The time between when I finally decide to stop hitting the snooze button, turn off the Canadian newscaster and get out of bed, to the time I must exit the house in order to drop off the boys at their respective sitters and get to work before my students stage a walk-out is 50 minutes. If it was just me, that would not be a problem. If it was just me and Paul, I'd still be okay. But it's not. While my youngest son does not share any of my genetic material, he most decidedly shares my love for procrastination. He is my payback for all those times I asked for "One more drink" before bed, for the "I'll be right there I'm just looking for something" and the "That? Oh, I'll put it away later." If there is a way to avoid an uncomfortable task, John has figured it out. Our mornings involve moments when he can't possible wear the sneakers that are right by the door and instead must rifle through the basket to find a different pair. With a 50 minute window, 15 of which is generally reserved for getting the boys dressed and out the door, it just doesn't fly. And then the yelling starts. Not an especially fun way to start the morning I will admit. But as time is ticking away, I begin to imagine the traffic pile up that occurs in front of my school each morning as the parents of children who have equal if not greater procrastination issues perform the "my kid couldn't POSSIBLY take the bus" drop-off ritual (but that is another post entirely). And I start to yell. An odd moment of clarity came last week when John reported to his grandparents that sometimes I announce that he is going to be left behind. (Which I would never do, so don't go calling the authorities - I am just the queen of idle threats.) He used my first name when telling the story, which made it pretty cute. AND THERE IS THE PROBLEM RIGHT THERE. John is really freaking cute. And he uses that cuteness to get away with obnoxious behavior, like complete and total meltdowns when he cannot successfully employ his procrastination strategy. I know, I know. He is three. And three year olds want control, blah blah blah. But when I give him choices and try to empower him, he always picks the non-choice.
"Do you want apple or grapes for dinner?"
"We don't have any plums. It's the middle of winter. Apple or grape?"
"Honey, we don't have any plums." Cue meltdown.
I am at a bit of a loss as to how best to ride this current storm. Meltdowns at 6 am are no fun. Especially when they follow things like this: "Boys, stop jumping naked on the bed and get dressed already!" This past week I decided to institute a checklist that each child must follow in order to get us out the door by the required time. Paul and I brainstormed a list for him, wrote it down, tacked it in his room, and he dutifully follows it (although he tries to skip the steps that involve helping his brother). Paul is a Jedi. Give him a task and he will execute it. For John, I used magazine clippings and crudely drawn stick figures for his list, and he too was successful. Up until we came downstairs and he had to put on his coat.
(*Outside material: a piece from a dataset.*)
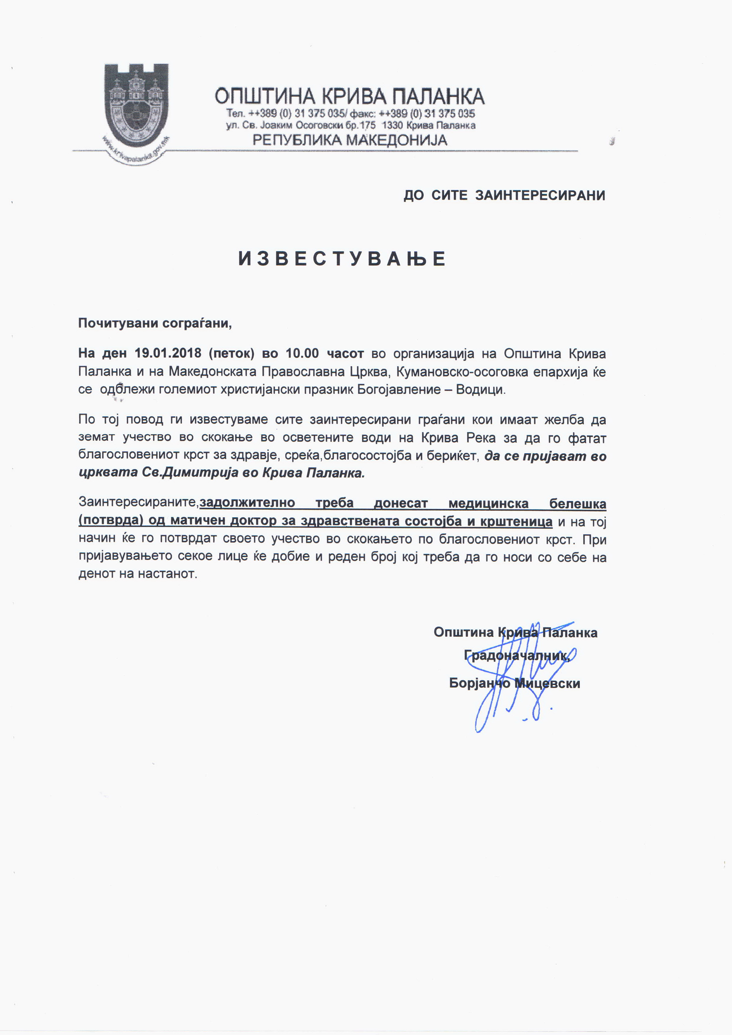 На ден 19.01.2018 (петок) од 10.00 часот во организација на Општина Крива Паланка и на Македонската Православна Црква, Кумановско-осоговска епархија ќе се одбeлежи големиот христијански празник Богојавление – Водици.

There was two minutes left before the target exit time.
"You can wear your orange coat or your blue coat."
"I want my raincoat."
"You left it in daddy's car and he's already gone. Besides, it's going to be sunny today."
"I WANT MY RAAAAIN COOOOOAT!"
Deep breath. "Let's just wear the blue one. C'mon."
"Can I have a boonana?"
"There aren't any. I need to get more from the store." Cue meltdown.
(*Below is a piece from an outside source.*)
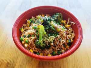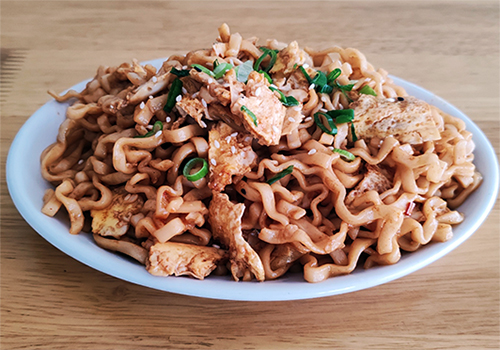 Ramen noodles stir-fried with egg and drizzled with savory teriyaki sauce for a delightful side dish.

Overall, we did do much better this week that we had in previous weeks. Mommy didn't yell, and the boys made general progress on the road to independence. If I can just figure out the magic formula to keep the meltdowns at bay...
Thursday, April 4, 2013
Last year Paul flippantly mentioned that he didn't really want a cake, but as his birthday approached he changed his mind. I was able to convince him that a Ninjago ninja would be a good idea because I figured a head was a lot simpler that some three-dimensional crazy Star Wars vehicle like last year. It was. My inspiration:
For those readers who don't follow Lego Ninjago, the Green Ninja is more powerful than his other-colored buddies, and he was coveted by all the boys at Paul's elementary school this past year. See, in a clever marketing campaign, you could only get the green ninja mini-figure when you bought the Lego Ninjago Character Encyclopedia. Which the book fair sold out of in about 10 minutes. And which totally awesome Aunt Chrissy bought Paul for Christmas (innocently remarking, "Does Paul have that ninja character book thing?") Needless to say, the Green Ninja is pretty awesome, and I knew it would be a relatively easy cake to create. The trickiest part was the gold piece on his helmet. To make it, I softened caramel candies, rolled them out and pieced them together. It looked a bit like a jock strap and was only partially edible due to the waxed paper sticking if the caramel was too melty, but it did the trick. The mask is made of fruit roll ups which I had to separate because they were in a rainbow pack. (The broken caramel and two-thirds unused roll-ups led to a bit of a sugar high.) It was Paul's idea to make the eyes from jelly beans with white sprinkles from our Christmas cookie decorations. The best part? Cool-Whip makes a new frosting that is utterly and completely amazing (and lard free!). Considering I often have frosting related debacles, I was super-excited to try it and very impressed with the results. And as the hubby pointed out as we polished off the leftovers later in the week, it even frosts cut-sides!! YAY!!!